**Goal of the exercise**
Make an exact copy of the listing below. Pictures stay out of it.

**Available records**
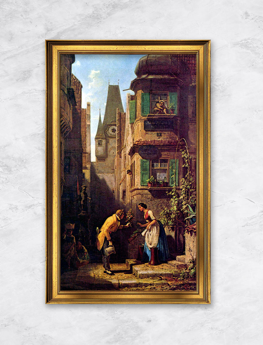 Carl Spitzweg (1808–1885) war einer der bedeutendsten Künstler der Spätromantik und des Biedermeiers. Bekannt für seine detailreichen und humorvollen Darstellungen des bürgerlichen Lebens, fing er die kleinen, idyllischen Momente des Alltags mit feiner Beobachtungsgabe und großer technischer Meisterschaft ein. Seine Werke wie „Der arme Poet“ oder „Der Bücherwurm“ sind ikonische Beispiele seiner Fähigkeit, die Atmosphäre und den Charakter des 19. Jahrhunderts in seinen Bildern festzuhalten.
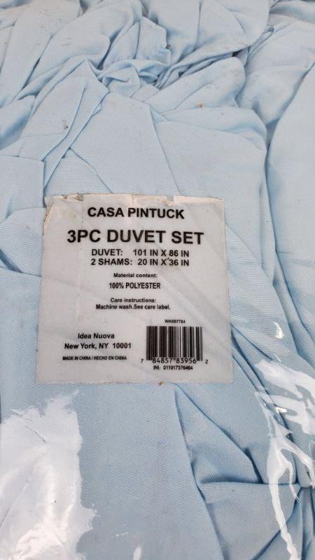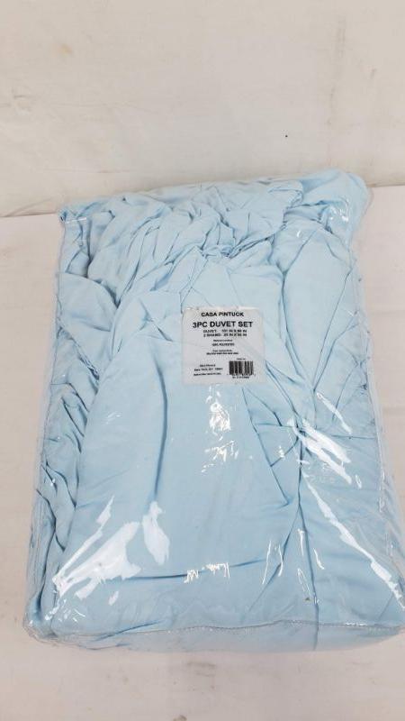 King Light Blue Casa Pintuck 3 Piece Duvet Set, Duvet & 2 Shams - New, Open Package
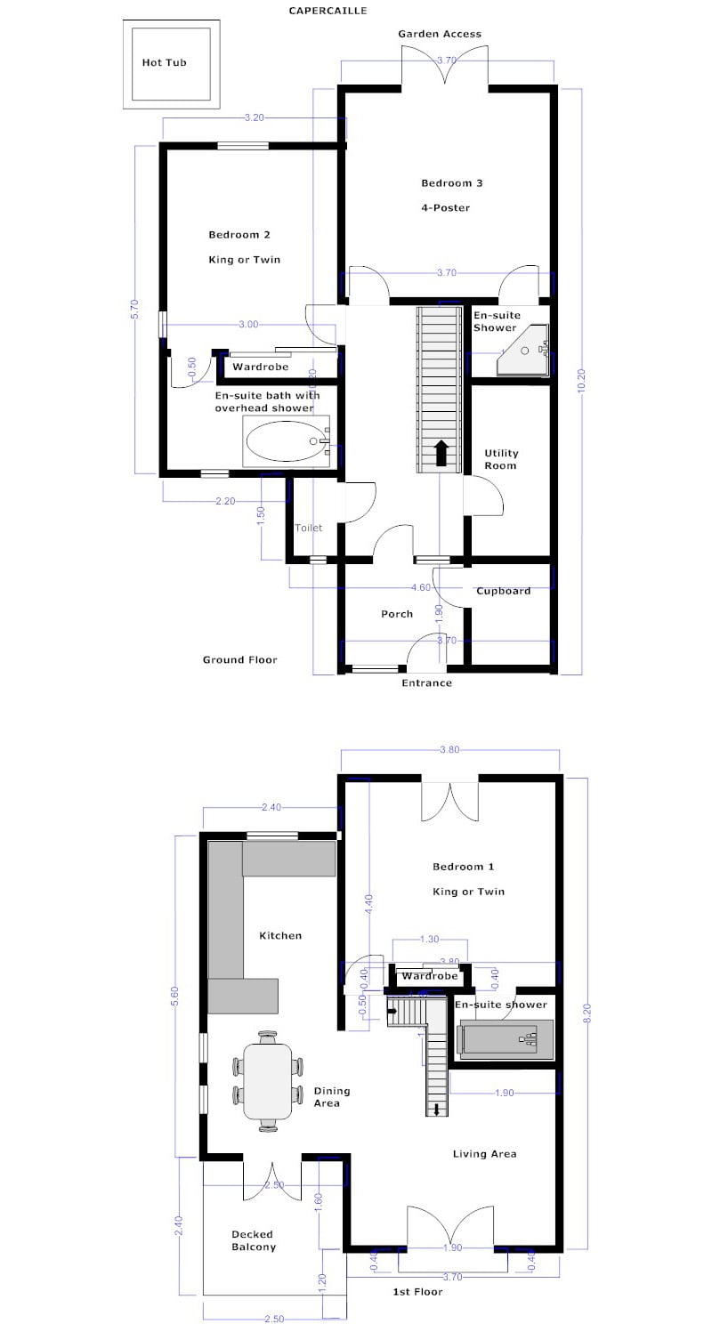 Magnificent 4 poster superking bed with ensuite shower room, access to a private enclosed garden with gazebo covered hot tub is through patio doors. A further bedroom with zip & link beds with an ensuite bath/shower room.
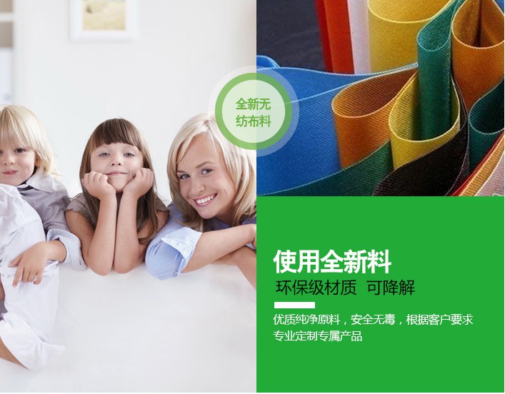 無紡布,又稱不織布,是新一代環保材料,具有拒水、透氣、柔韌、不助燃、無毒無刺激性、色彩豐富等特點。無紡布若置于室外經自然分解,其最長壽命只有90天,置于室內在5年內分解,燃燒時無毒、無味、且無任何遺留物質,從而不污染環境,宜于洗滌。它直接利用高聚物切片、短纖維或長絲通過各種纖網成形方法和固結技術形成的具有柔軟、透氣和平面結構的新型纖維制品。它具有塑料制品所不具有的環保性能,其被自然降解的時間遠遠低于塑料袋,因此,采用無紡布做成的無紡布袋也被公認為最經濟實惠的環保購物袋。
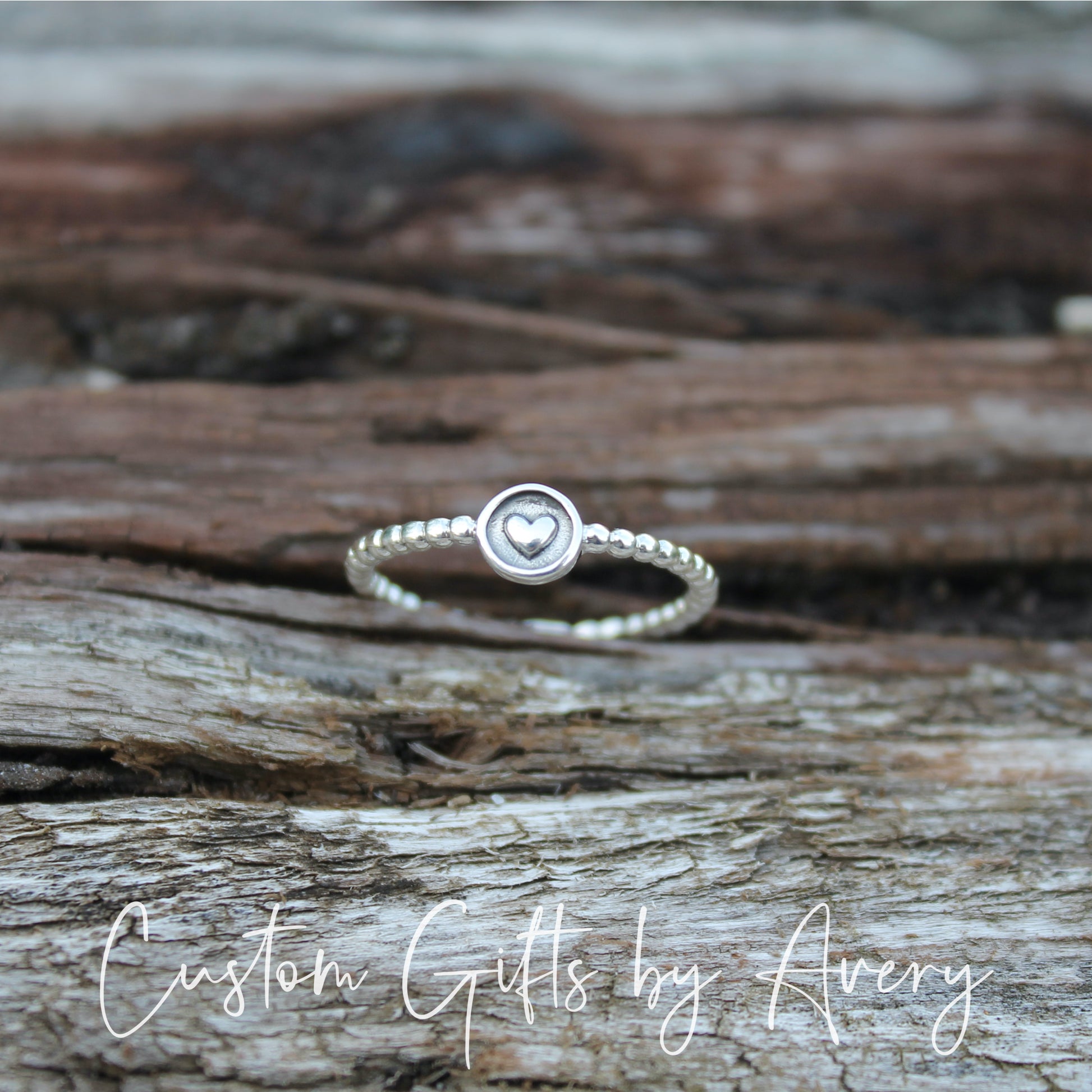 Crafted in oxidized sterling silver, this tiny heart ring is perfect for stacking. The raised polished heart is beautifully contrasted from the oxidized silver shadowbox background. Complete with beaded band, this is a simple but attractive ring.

**Answer section**
 Carl Spitzweg (1808–1885) war einer der bedeutendsten Künstler der Spätromantik und des Biedermeiers. Bekannt für seine detailreichen und humorvollen Darstellungen des bürgerlichen Lebens, fing er die kleinen, idyllischen Momente des Alltags mit feiner Beobachtungsgabe und großer technischer Meisterschaft ein. Seine Werke wie „Der arme Poet“ oder „Der Bücherwurm“ sind ikonische Beispiele seiner Fähigkeit, die Atmosphäre und den Charakter des 19. Jahrhunderts in seinen Bildern festzuhalten.
 King Light Blue Casa Pintuck 3 Piece Duvet Set, Duvet & 2 Shams - New, Open Package
 Magnificent 4 poster superking bed with ensuite shower room, access to a private enclosed garden with gazebo covered hot tub is through patio doors. A further bedroom with zip & link beds with an ensuite bath/shower room.
 無紡布,又稱不織布,是新一代環保材料,具有拒水、透氣、柔韌、不助燃、無毒無刺激性、色彩豐富等特點。無紡布若置于室外經自然分解,其最長壽命只有90天,置于室內在5年內分解,燃燒時無毒、無味、且無任何遺留物質,從而不污染環境,宜于洗滌。它直接利用高聚物切片、短纖維或長絲通過各種纖網成形方法和固結技術形成的具有柔軟、透氣和平面結構的新型纖維制品。它具有塑料制品所不具有的環保性能,其被自然降解的時間遠遠低于塑料袋,因此,采用無紡布做成的無紡布袋也被公認為最經濟實惠的環保購物袋。
 Crafted in oxidized sterling silver, this tiny heart ring is perfect for stacking. The raised polished heart is beautifully contrasted from the oxidized silver shadowbox background. Complete with beaded band, this is a simple but attractive ring.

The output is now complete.